Problem => All entries need to be written out verbatim, with pictures omitted.

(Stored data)
%%
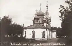 В 1903 году на строительство подворья Пекинской духовной миссии было отпущено безвозмездно с местной лесопилки дерево. Строительным комитетом руководил князь С. Н. Хилков, инициаторами строительства были чаеторговец И. Ф. Чистяков (1857—1922), А. Г. Бороздин и др. Строители, не осведомлённые в церковном строительстве, ориентировали её в южную сторону, а не на восток[2]. Выстроенный храм Благовещения Пресвятой Богородицы погиб во время пожара, произошедшего 10 февраля 1918 года. По воспоминаниям священника Николая Падерина: «Пожар в старом Благовещенском храме был настолько силён, что железные и другие металлические предметы и детали расплавились, вся церковная утварь сгорела, стены изнутри рухнули, а снаружи кирпич местами развалился. Целиком устояла только южная алтарная стена, где под стеклом невредимо стоял образ Благовещения Божией Матери. Святой образ величественно, как „нерушимая стена“ стоял среди развалин и как-то особенно торжественно выглядел над беспорядочной грудой тлевших угольев и раскаленных металлических слитков»[3].
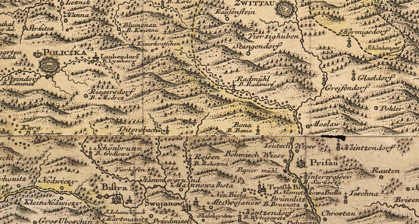 Alle Träger des Namens Bidmon haben ihren familiären Ursprung in diesem Gebiet, der Name kommt jedoch fast ausschließlich in den Dörfern Schönbrunn (Jedlová u Poličky) und Laubendorf (Pomezí) vor.
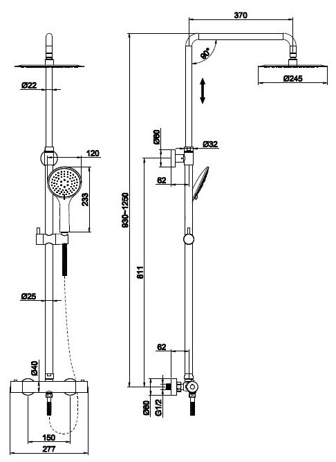| Особенности | S-образные эксцентрики / держатель душевой лейки / регулируемый верхний душ / защита от скручивания |
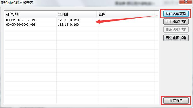 勾选“静态绑定IP和MAC”并点击“管理”,弹出“IP和MAC静态绑定表”,如果点击“从白名单获取”,则系统自动获取当前白名单电脑的IP和MAC地址,也可点击“手工添加绑定”并自行输入要绑定的IP地址和MAC地址,后点击“保存配置”即可。
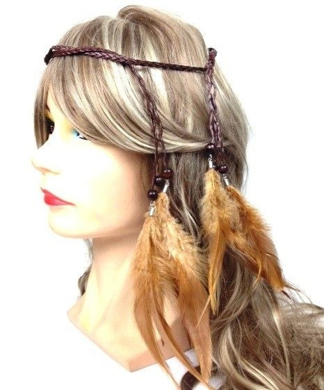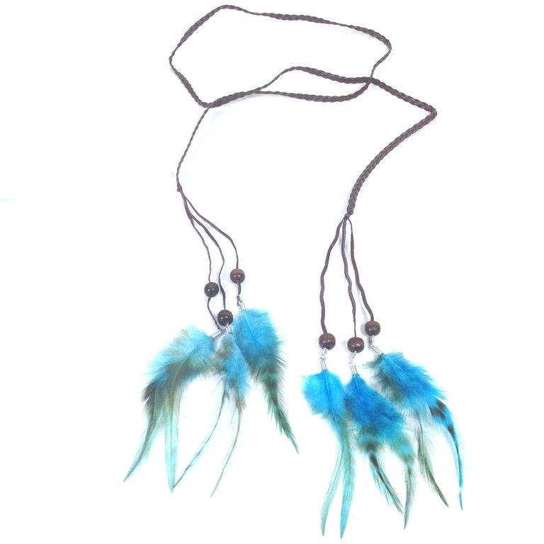 S_600046E - IBIZA LOOK HAIR BAND / FEATHERS NECKLACE BROWN (1st)
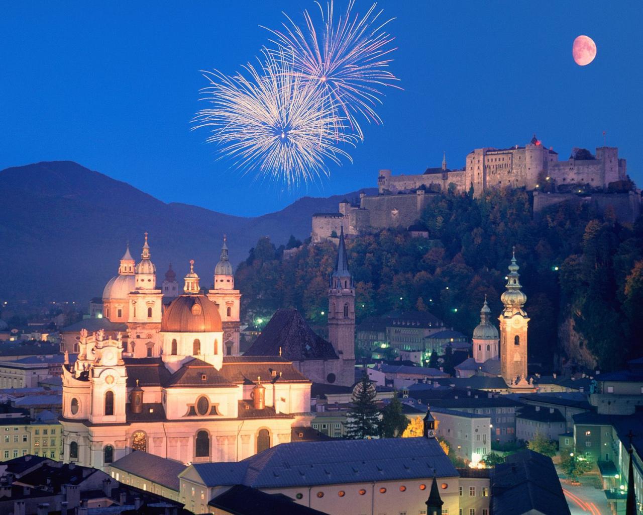 Обои Фейерверк в городе Зальцбург, Австрия
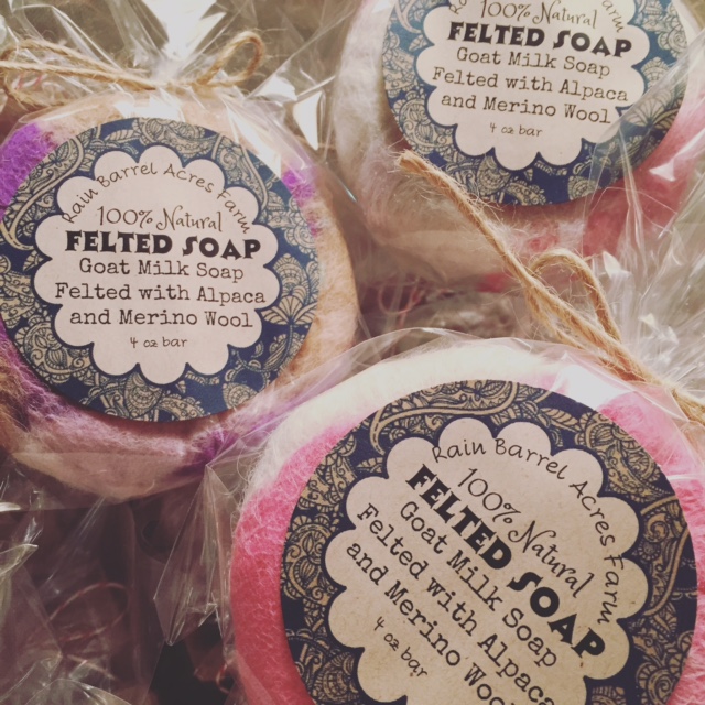 At Rain Barrel Acres we felt our soaps with our Alpaca fleece and merino wool. The alpaca fleece is super soft and the merino is just enough to hold all the felting together. Each felting is unique and makes a beautiful pattern.
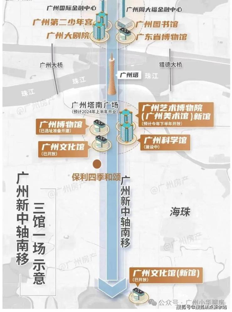 对标天河CBD,新“四馆一场”坐落海珠,广州科学馆,广州美术馆、广州文化馆,广州博物馆新馆、广州塔南广场,其中广州塔南广场会被打造成海珠区最高端的商业综合体,聚集发展美食旅游、时尚娱乐、国际展贸等消费新业态。
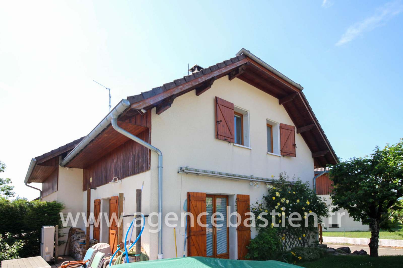 CESSY - Dans quartier résidentiel au calme, proche centre et transports TPG - Maison mitoyenne d'un côté d'environ 100 m² habitables sur un terrain de 205 m² environ. La maison se compose d'une entrée, une cuisine équipée, salon/séjour avec poêle à bois et toilette visiteur. A l'étage, 3 chambres, salle de bains et wc. Sous-sol avec grand garage, une chambre et une salle de douches/wc. Chauffage par pompe à chaleur, panneaux solaires/chauffe-eau et panneaux photovoltaïques. A visiter rapidement. Agence Bastien Divonne-les-Bains. Réf. 6485. Honoraires à la charge du vendeur.
%%
Written response =>
 В 1903 году на строительство подворья Пекинской духовной миссии было отпущено безвозмездно с местной лесопилки дерево. Строительным комитетом руководил князь С. Н. Хилков, инициаторами строительства были чаеторговец И. Ф. Чистяков (1857—1922), А. Г. Бороздин и др. Строители, не осведомлённые в церковном строительстве, ориентировали её в южную сторону, а не на восток[2]. Выстроенный храм Благовещения Пресвятой Богородицы погиб во время пожара, произошедшего 10 февраля 1918 года. По воспоминаниям священника Николая Падерина: «Пожар в старом Благовещенском храме был настолько силён, что железные и другие металлические предметы и детали расплавились, вся церковная утварь сгорела, стены изнутри рухнули, а снаружи кирпич местами развалился. Целиком устояла только южная алтарная стена, где под стеклом невредимо стоял образ Благовещения Божией Матери. Святой образ величественно, как „нерушимая стена“ стоял среди развалин и как-то особенно торжественно выглядел над беспорядочной грудой тлевших угольев и раскаленных металлических слитков»[3].
 Alle Träger des Namens Bidmon haben ihren familiären Ursprung in diesem Gebiet, der Name kommt jedoch fast ausschließlich in den Dörfern Schönbrunn (Jedlová u Poličky) und Laubendorf (Pomezí) vor.
| Особенности | S-образные эксцентрики / держатель душевой лейки / регулируемый верхний душ / защита от скручивания |
 勾选“静态绑定IP和MAC”并点击“管理”,弹出“IP和MAC静态绑定表”,如果点击“从白名单获取”,则系统自动获取当前白名单电脑的IP和MAC地址,也可点击“手工添加绑定”并自行输入要绑定的IP地址和MAC地址,后点击“保存配置”即可。
 S_600046E - IBIZA LOOK HAIR BAND / FEATHERS NECKLACE BROWN (1st)
 Обои Фейерверк в городе Зальцбург, Австрия
 At Rain Barrel Acres we felt our soaps with our Alpaca fleece and merino wool. The alpaca fleece is super soft and the merino is just enough to hold all the felting together. Each felting is unique and makes a beautiful pattern.
 对标天河CBD,新“四馆一场”坐落海珠,广州科学馆,广州美术馆、广州文化馆,广州博物馆新馆、广州塔南广场,其中广州塔南广场会被打造成海珠区最高端的商业综合体,聚集发展美食旅游、时尚娱乐、国际展贸等消费新业态。
 CESSY - Dans quartier résidentiel au calme, proche centre et transports TPG - Maison mitoyenne d'un côté d'environ 100 m² habitables sur un terrain de 205 m² environ. La maison se compose d'une entrée, une cuisine équipée, salon/séjour avec poêle à bois et toilette visiteur. A l'étage, 3 chambres, salle de bains et wc. Sous-sol avec grand garage, une chambre et une salle de douches/wc. Chauffage par pompe à chaleur, panneaux solaires/chauffe-eau et panneaux photovoltaïques. A visiter rapidement. Agence Bastien Divonne-les-Bains. Réf. 6485. Honoraires à la charge du vendeur.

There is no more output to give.